- Problem details
Your output should be the exact lines from the start of the data through the line containing "MEN'S DANCE SHIRT", with no pictures.

———

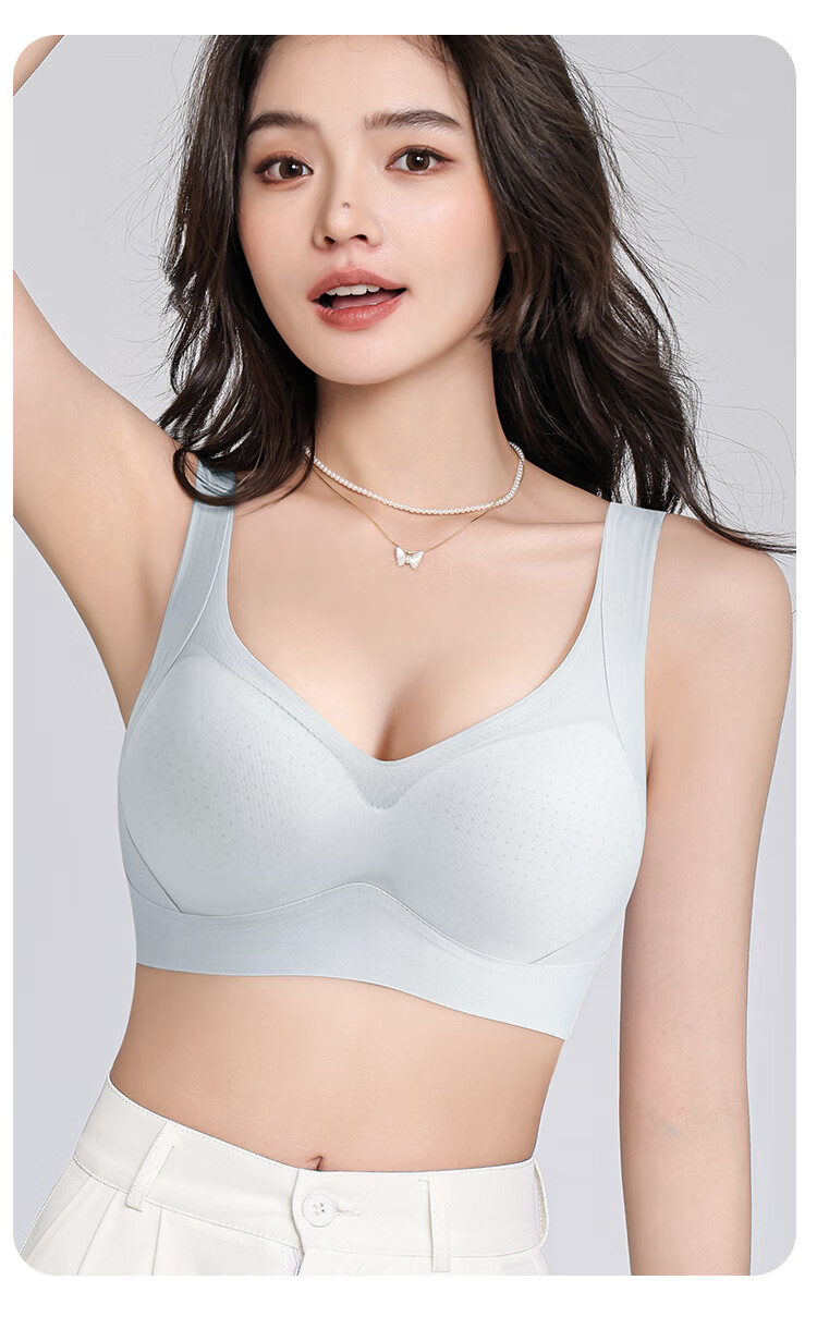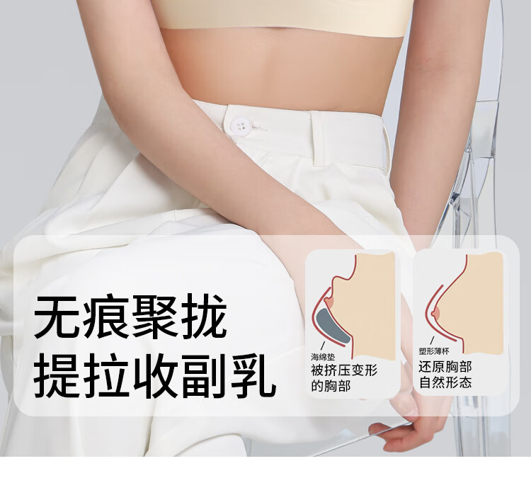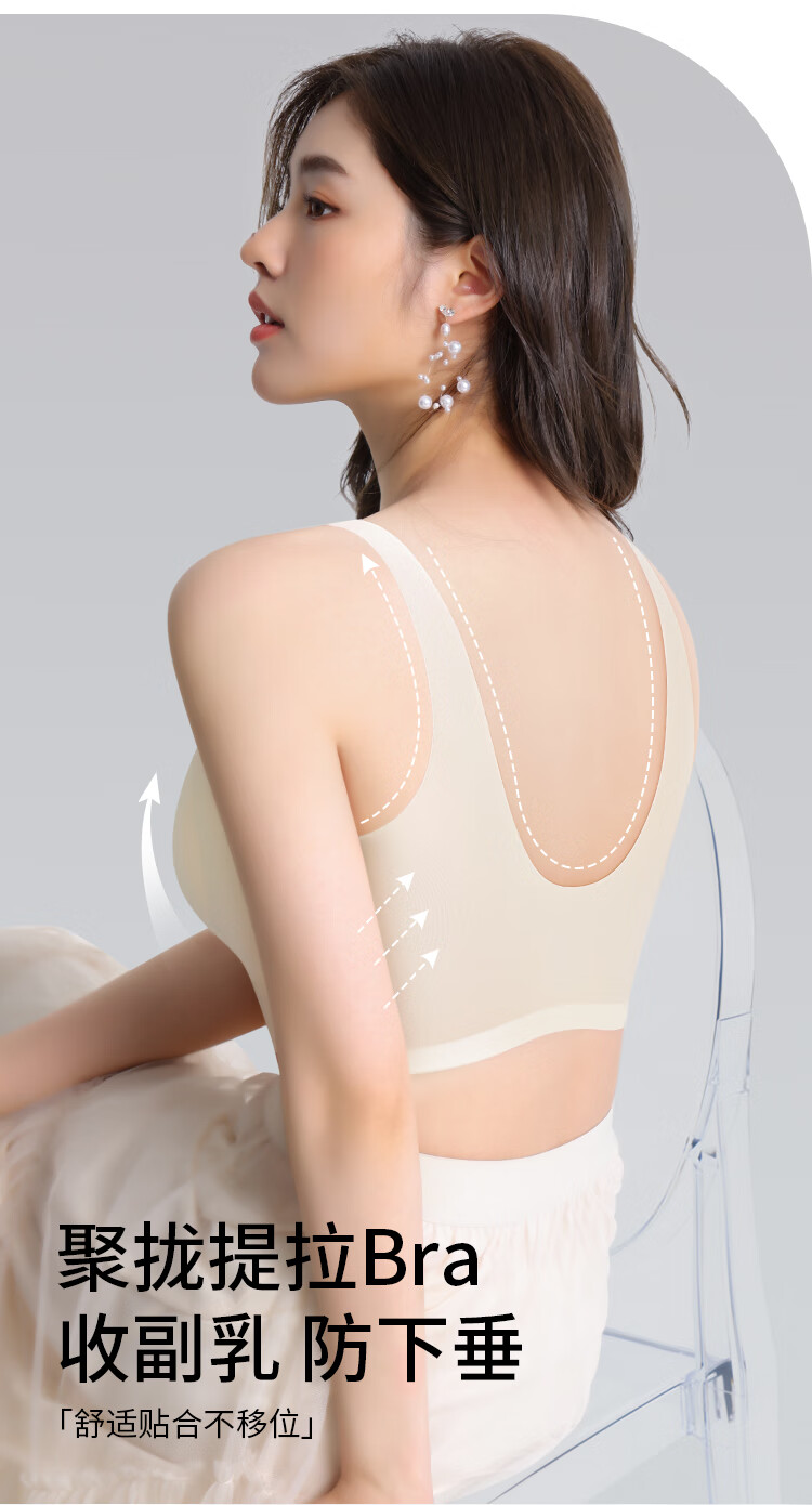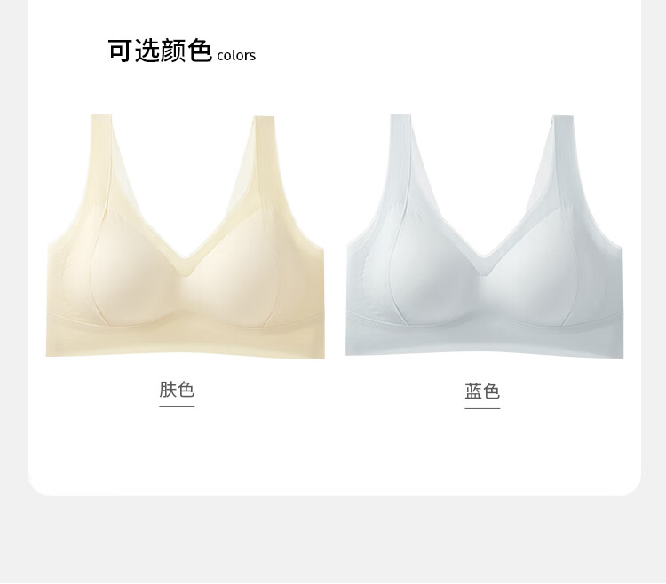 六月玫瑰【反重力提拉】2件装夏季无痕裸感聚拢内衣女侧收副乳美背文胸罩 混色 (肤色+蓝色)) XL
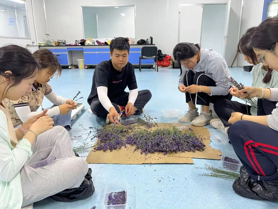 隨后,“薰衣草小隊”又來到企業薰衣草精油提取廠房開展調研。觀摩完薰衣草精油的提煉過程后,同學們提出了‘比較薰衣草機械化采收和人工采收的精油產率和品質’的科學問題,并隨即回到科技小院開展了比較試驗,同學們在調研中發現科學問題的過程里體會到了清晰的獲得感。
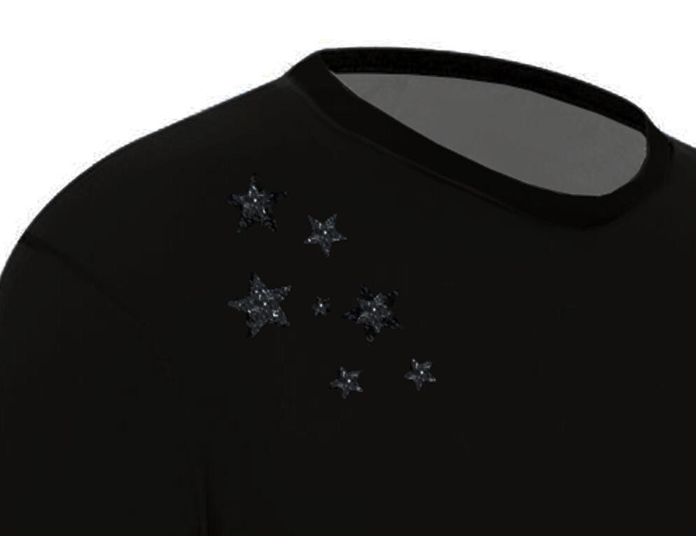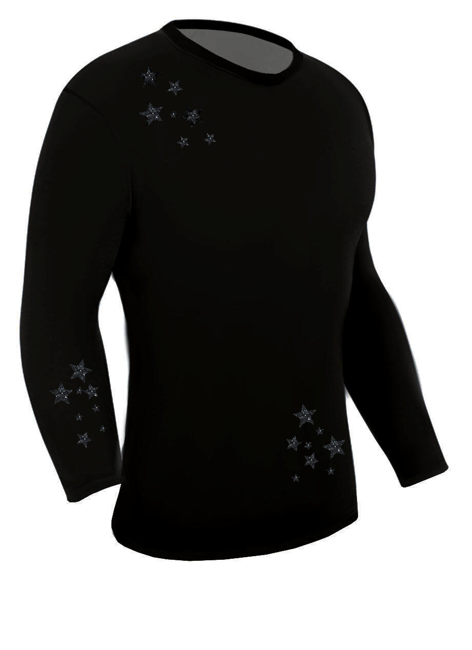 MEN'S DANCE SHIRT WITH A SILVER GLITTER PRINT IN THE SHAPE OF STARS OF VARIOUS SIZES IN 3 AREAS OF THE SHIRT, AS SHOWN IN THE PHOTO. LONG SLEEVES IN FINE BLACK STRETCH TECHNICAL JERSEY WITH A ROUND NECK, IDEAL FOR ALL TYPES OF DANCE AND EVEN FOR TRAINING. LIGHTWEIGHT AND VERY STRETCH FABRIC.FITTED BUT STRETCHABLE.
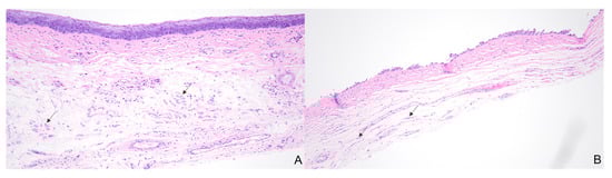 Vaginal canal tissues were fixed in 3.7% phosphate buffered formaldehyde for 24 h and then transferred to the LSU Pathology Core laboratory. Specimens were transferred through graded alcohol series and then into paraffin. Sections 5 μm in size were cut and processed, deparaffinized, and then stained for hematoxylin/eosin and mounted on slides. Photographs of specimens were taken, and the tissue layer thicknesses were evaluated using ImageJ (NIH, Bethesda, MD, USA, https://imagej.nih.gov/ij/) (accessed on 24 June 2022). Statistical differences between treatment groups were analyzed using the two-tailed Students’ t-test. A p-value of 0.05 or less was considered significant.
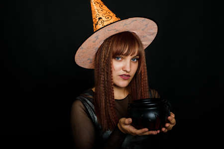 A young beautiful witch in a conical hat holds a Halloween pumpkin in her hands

———

- Response below
 六月玫瑰【反重力提拉】2件装夏季无痕裸感聚拢内衣女侧收副乳美背文胸罩 混色 (肤色+蓝色)) XL
 隨后,“薰衣草小隊”又來到企業薰衣草精油提取廠房開展調研。觀摩完薰衣草精油的提煉過程后,同學們提出了‘比較薰衣草機械化采收和人工采收的精油產率和品質’的科學問題,并隨即回到科技小院開展了比較試驗,同學們在調研中發現科學問題的過程里體會到了清晰的獲得感。
 MEN'S DANCE SHIRT WITH A SILVER GLITTER PRINT IN THE SHAPE OF STARS OF VARIOUS SIZES IN 3 AREAS OF THE SHIRT, AS SHOWN IN THE PHOTO. LONG SLEEVES IN FINE BLACK STRETCH TECHNICAL JERSEY WITH A ROUND NECK, IDEAL FOR ALL TYPES OF DANCE AND EVEN FOR TRAINING. LIGHTWEIGHT AND VERY STRETCH FABRIC.FITTED BUT STRETCHABLE.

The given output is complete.